Happy (belated) Fourth of July, everyone! In patriotic spirit, I decided to throw together a themed and group-friendly summer dessert. Filled with fresh berries, spongy cake, and sweet and tangy vanilla + cream cheese whipped layers. It’s almost too good looking to eat—almost… but my guests and I readily gobbled up this delicious dessert!
I’ve had a series of unfortunate camera-related events recently. In between shooting and cooking in different places, to uploading pictures and writing posts on different laptops, there’s always a chance of misplacing memory cards, neglecting to recharge the battery, or forgetting the battery behind. Let’s just say all three things happened this past weekend and I’m now a bit short on the pretty pretty pictures :/
On the bright side, this beautiful trifle was the perfect way to celebrate the day of red, white, and blue! I regret to say (again) that I failed to post this early enough to be a holiday dessert inspiration (I promise I had this ready beforehand, but travel threw my schedule off) but the trifle is such a versatile dessert that could be made for just about any event! For one, it can feed A LOT of people with its many layers of fluffy cake, cream, and fruit. Secondly, it’s easy to replace ingredients to fit the occasionp; as an example, I choose to feature a red velvet cake to go along with the patriotic theme of the weekend.

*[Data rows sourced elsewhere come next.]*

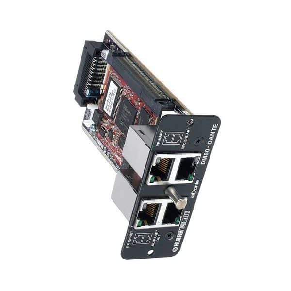 DM80 DANTE è una scheda di espansione dell’interfaccia audio multicanale che consente al processore audio digitale Klark Teknik DM8000 di connettersi a dispositivi esterni tramite il protocollo multimediale digitale ad alte prestazioni Dante per fornire audio su una rete IP Ethernet standard.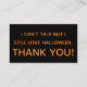 Diese Karte ist für Kinder (oder Erwachsene!) gedacht, die nicht sprechen können, wenn sie trick oder behandeln gehen und gewollt haben, den Leuten zu erklären, warum. Auf der Vorderseite steht "Trick or treat!" und auf der Rückseite steht: "Ich kann nicht reden, aber Halloween habe ich immer noch Liebe. Danke!"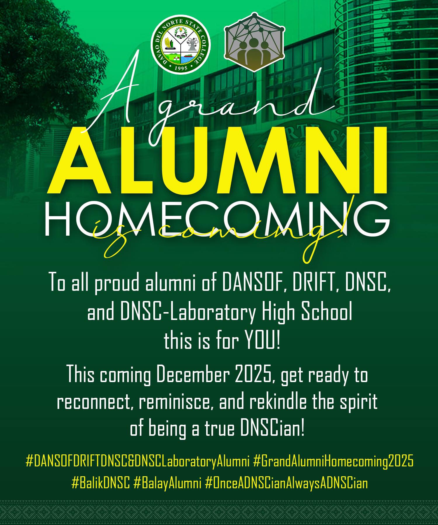 Get ready to reconnect, reminisce, and rekindle the spirit of being a true DNSCian! A Grand Alumni Homecoming is in the works—and we want YOU to be part of this once-in-a-lifetime gathering!
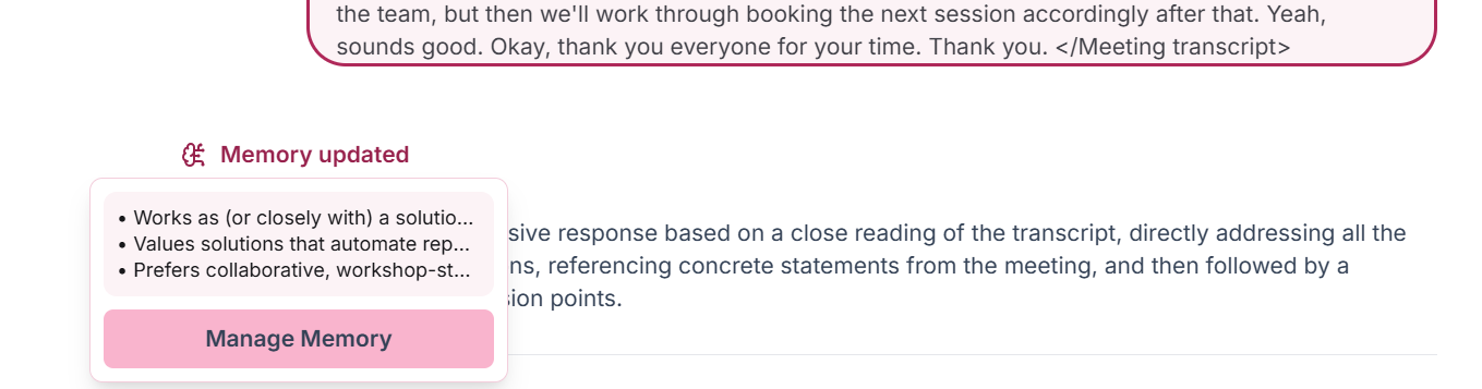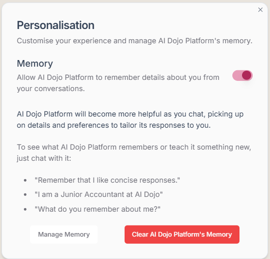 The AI Platform remembers your preferences to help it get smarter over time. You can: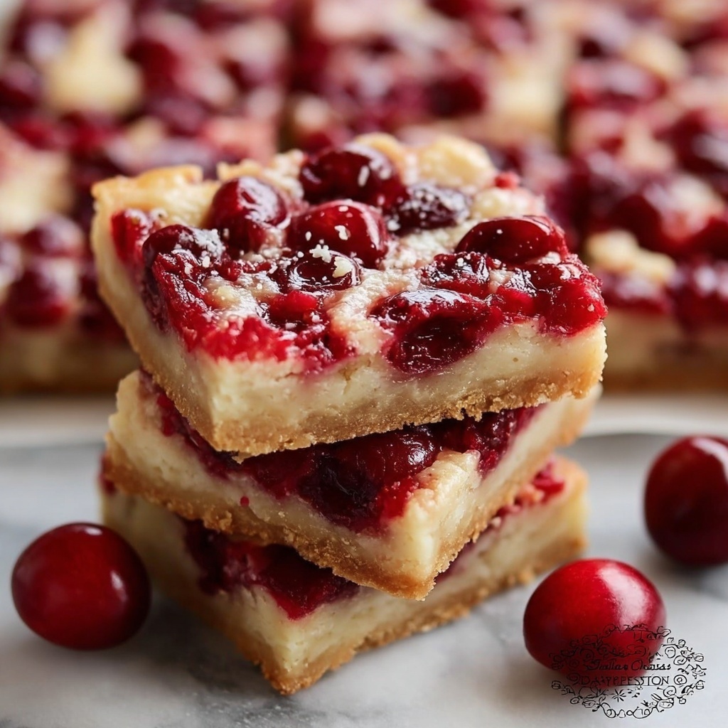 These bars pair wonderfully with a dollop of whipped cream or a scoop of vanilla ice cream, which mellows the cherry’s sweetness and adds a creamy contrast. A cup of hot coffee, tea, or even mulled wine makes a comforting accompaniment to balance the bars’ tender texture and bright flavors.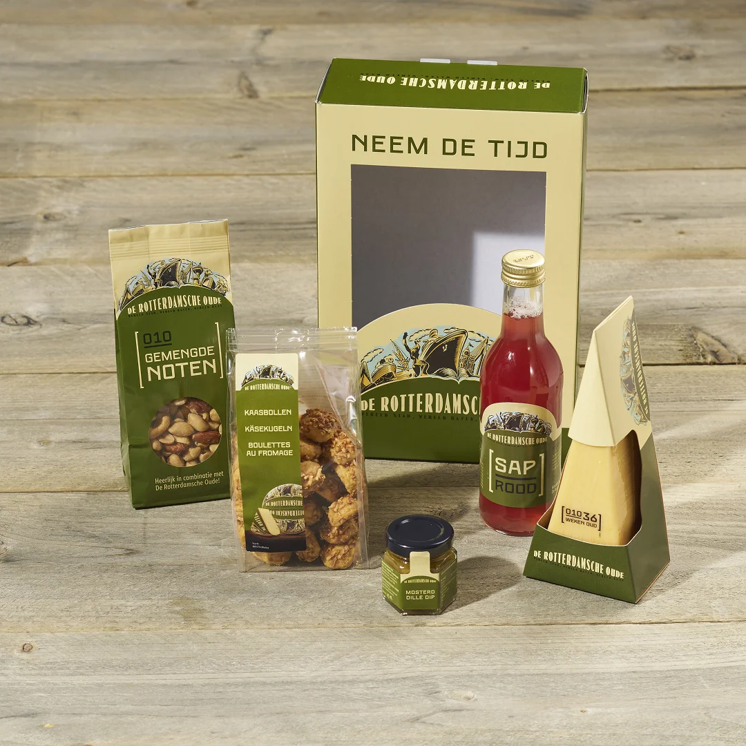 Beestachtig lekker borrelen! Dit pakket is een feestje voor elke borrelplank. Een romige kaas met karakter, knapperige kaasbollen, nootjes om niet van af te blijven en een dip die alles bij elkaar brengt. Schenk er wat Rotterdamsche sap bij en je hebt een borrel die z’n naam eer aandoet. Alles in dit pakket brult gewoon om gedeeld te worden — beestachtig goed, recht uit Rotterdam. Dit pakket is een origineel cadeau, verpakt in onze unieke De Rotterdamsche Oude verpakking en bestaat uit:

But what I really appreciate about this dessert is its ability to be single-served. Look how adorable it looks in a stemless white wine glass?! The perfect layers of red cake, white cream, and blue berries are easily visible; and the wine glass trifle glasses make it so easy for guests to enjoy a mini trifle without needing to scoop out portions from a gigantic bowl.
- Premade cake, 9x13 or equivalent
- 2 pint fresh blueberries
- 2 carton fresh strawberries
- 1 pint heavy whipping cream
- 2 tbs confectioner's sugar
- 1 tsp vanilla extract
- 8 oz cream cheese, softened room-temperature
- 2/3 c plain greek yogurt
- 1/2 c confectioner's sugar
- 2 tsp vanilla extract
- In a chilled or cool bowl, whip the heavy whipping cream with an electric mixer on low to medium until soft peaks start to form.
- Add confectioner's sugar and vanilla and continue whipping until stiff peaks and an airy fluffiness forms.
- Beat softened cream cheese on low with an electric mixer.
- A third at a time, slowly add in 1/3 of the greek yogurt, confectioner's sugar, and vanilla extract. Repeat and continue mixing until soft peaks form.
- Cut cake or tear into 1-inch cubes.
- Prep and wash berries; core and slice strawberries.
- Add a layer of cake to the bottom of the trifle bowl*. Top with a layer of whipped cream followed by the cream cheese layer. Add a layer of fresh berries followed by a light layer of whipped cream.
- Repeat layers again, ending with a layer of whipped cream and/or a cream cheese layer. Use a spatula to smooth out the surface. Add a generous heap of berries or decorate as desired to top layer.
- Loosely cover and place in refridgerator to set and chill for ~2 hours. This dessert can be made a day in advance and chilled overnight.
- Serve chilled; scoop onto bowls or plates and enjoy!
- * If you don't have a trifle bowl (like me), you can use two 7-cup Pyrex glass storage bowls as a substitute for the serving bowl.
- Layering order is merely a suggestion; I would love to hear how you've experimented with different ingredients and layering methods!